_HOW TO COMPLETE THIS TASK_:
Starting with the line that has "- Thongchom, C.;" in the records below and stopping after the line that has "Теперь вы можете", output every line exactly and nothing else; skip pictures.

Top of DATASET EXCERPTS

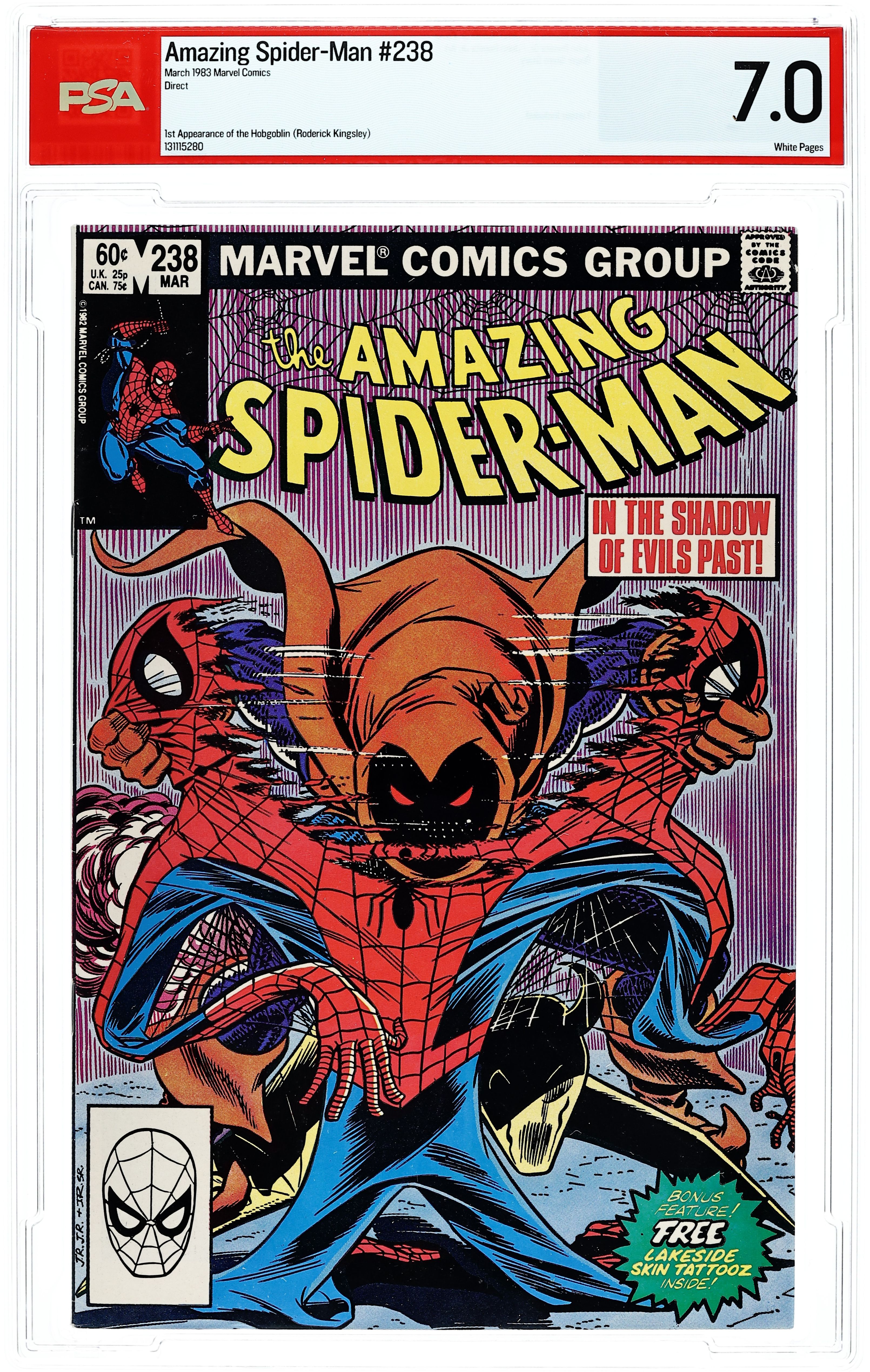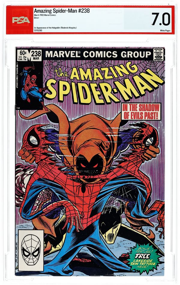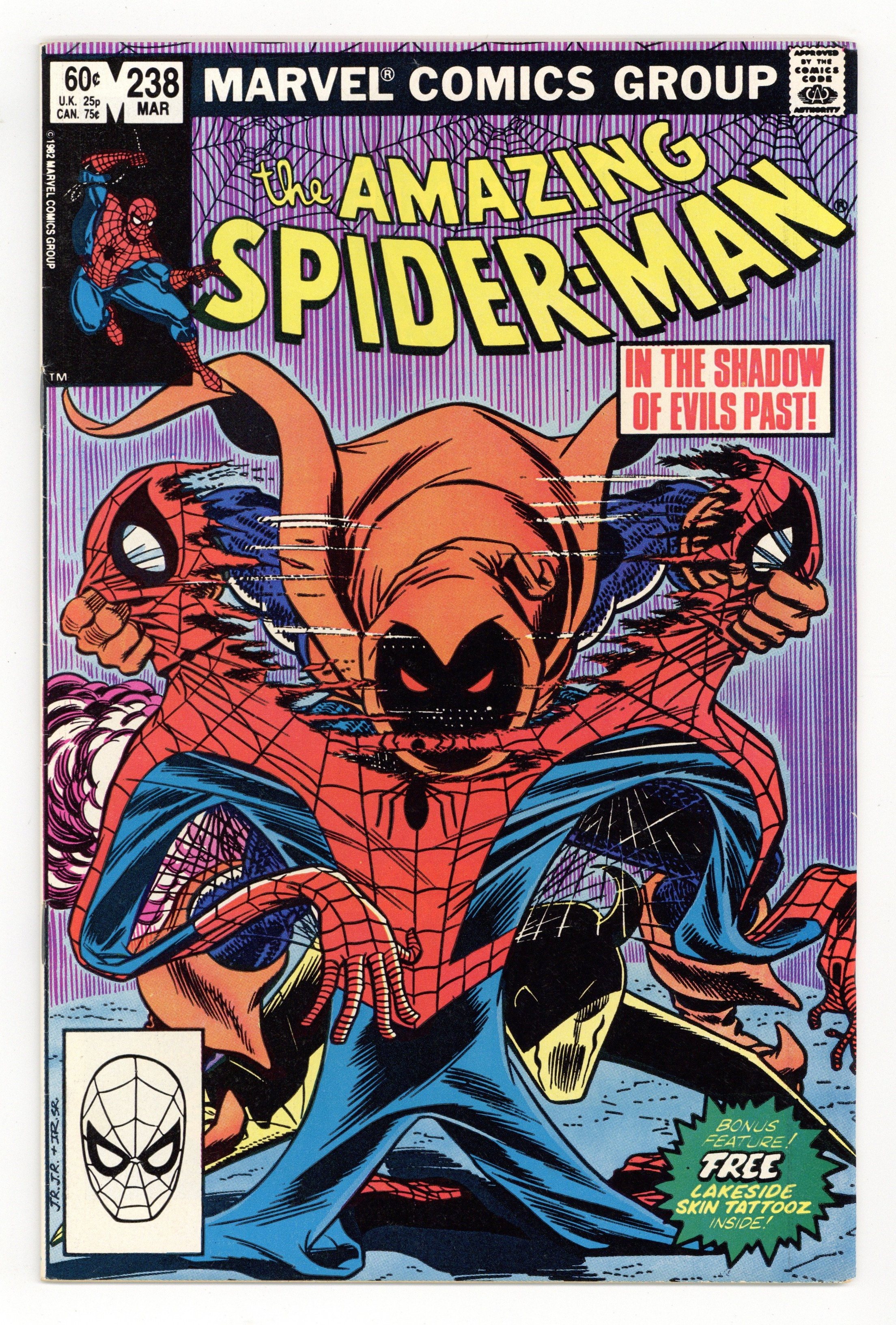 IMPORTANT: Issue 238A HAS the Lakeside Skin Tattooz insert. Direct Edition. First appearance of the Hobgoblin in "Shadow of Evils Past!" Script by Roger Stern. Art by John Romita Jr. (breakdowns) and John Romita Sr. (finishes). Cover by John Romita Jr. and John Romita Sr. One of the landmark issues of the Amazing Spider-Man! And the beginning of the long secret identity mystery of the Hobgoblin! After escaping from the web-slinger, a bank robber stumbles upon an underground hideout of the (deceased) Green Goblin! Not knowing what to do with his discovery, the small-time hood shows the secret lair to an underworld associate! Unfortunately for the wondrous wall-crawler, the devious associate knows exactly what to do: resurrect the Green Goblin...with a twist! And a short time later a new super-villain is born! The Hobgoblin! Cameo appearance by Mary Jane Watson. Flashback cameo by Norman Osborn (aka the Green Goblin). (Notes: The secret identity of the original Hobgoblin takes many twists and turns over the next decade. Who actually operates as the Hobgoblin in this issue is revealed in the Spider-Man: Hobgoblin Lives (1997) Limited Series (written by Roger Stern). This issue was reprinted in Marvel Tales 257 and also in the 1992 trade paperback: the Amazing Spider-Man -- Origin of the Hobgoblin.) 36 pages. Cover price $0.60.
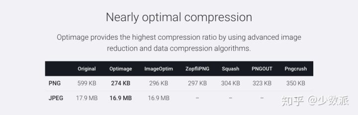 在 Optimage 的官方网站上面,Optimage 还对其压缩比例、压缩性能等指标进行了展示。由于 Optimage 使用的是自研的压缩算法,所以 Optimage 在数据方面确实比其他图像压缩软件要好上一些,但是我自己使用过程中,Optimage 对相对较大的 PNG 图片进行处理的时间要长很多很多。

Bottom of DATASET EXCERPTS
Top of DATASET EXCERPTS

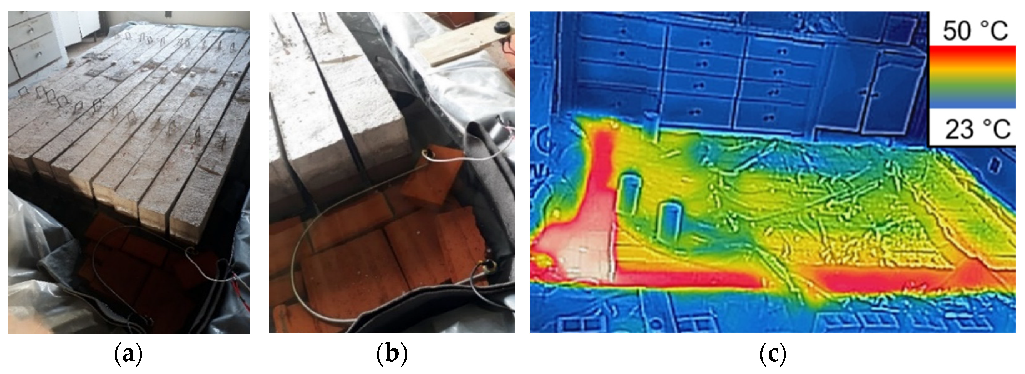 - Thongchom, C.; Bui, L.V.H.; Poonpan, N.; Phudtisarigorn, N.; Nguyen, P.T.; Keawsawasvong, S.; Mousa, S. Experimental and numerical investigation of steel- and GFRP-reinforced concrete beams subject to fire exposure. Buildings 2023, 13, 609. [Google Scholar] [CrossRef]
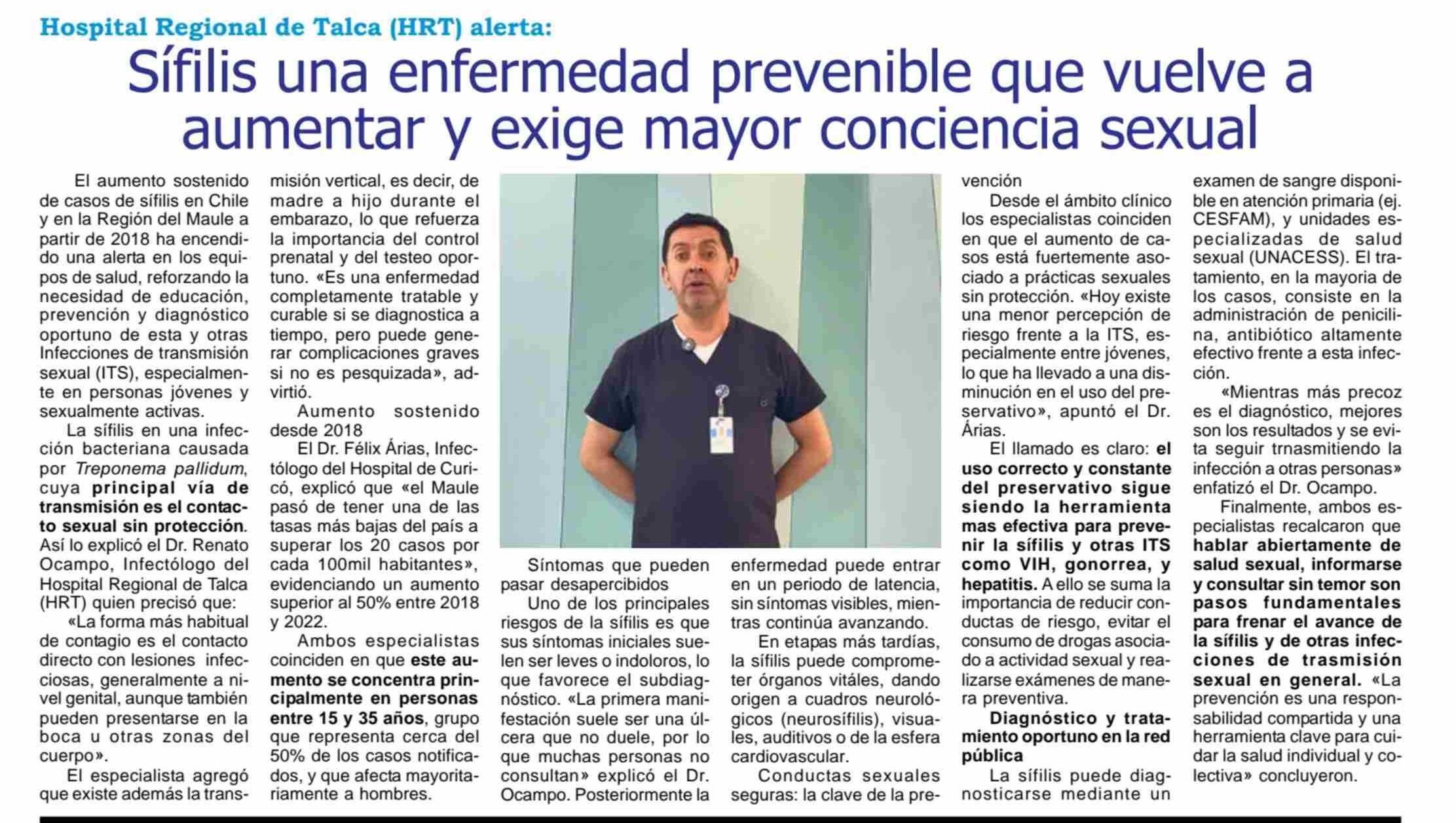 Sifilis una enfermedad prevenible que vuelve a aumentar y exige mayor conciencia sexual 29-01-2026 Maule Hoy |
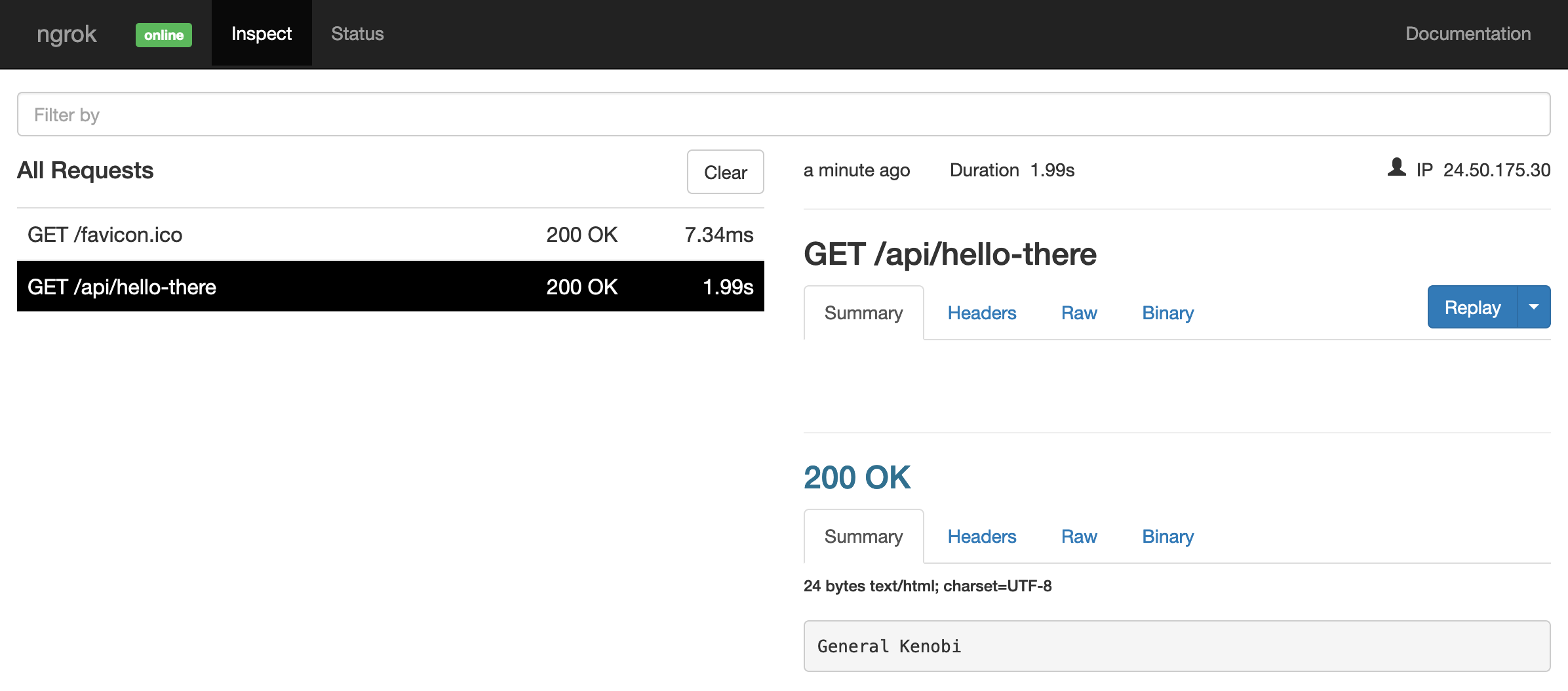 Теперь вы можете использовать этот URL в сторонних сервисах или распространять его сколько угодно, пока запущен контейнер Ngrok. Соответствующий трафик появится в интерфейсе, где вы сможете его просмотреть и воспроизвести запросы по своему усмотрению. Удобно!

Bottom of DATASET EXCERPTS

_TASK RESPONSE_:
 - Thongchom, C.; Bui, L.V.H.; Poonpan, N.; Phudtisarigorn, N.; Nguyen, P.T.; Keawsawasvong, S.; Mousa, S. Experimental and numerical investigation of steel- and GFRP-reinforced concrete beams subject to fire exposure. Buildings 2023, 13, 609. [Google Scholar] [CrossRef]
 Sifilis una enfermedad prevenible que vuelve a aumentar y exige mayor conciencia sexual 29-01-2026 Maule Hoy |
 Теперь вы можете использовать этот URL в сторонних сервисах или распространять его сколько угодно, пока запущен контейнер Ngrok. Соответствующий трафик появится в интерфейсе, где вы сможете его просмотреть и воспроизвести запросы по своему усмотрению. Удобно!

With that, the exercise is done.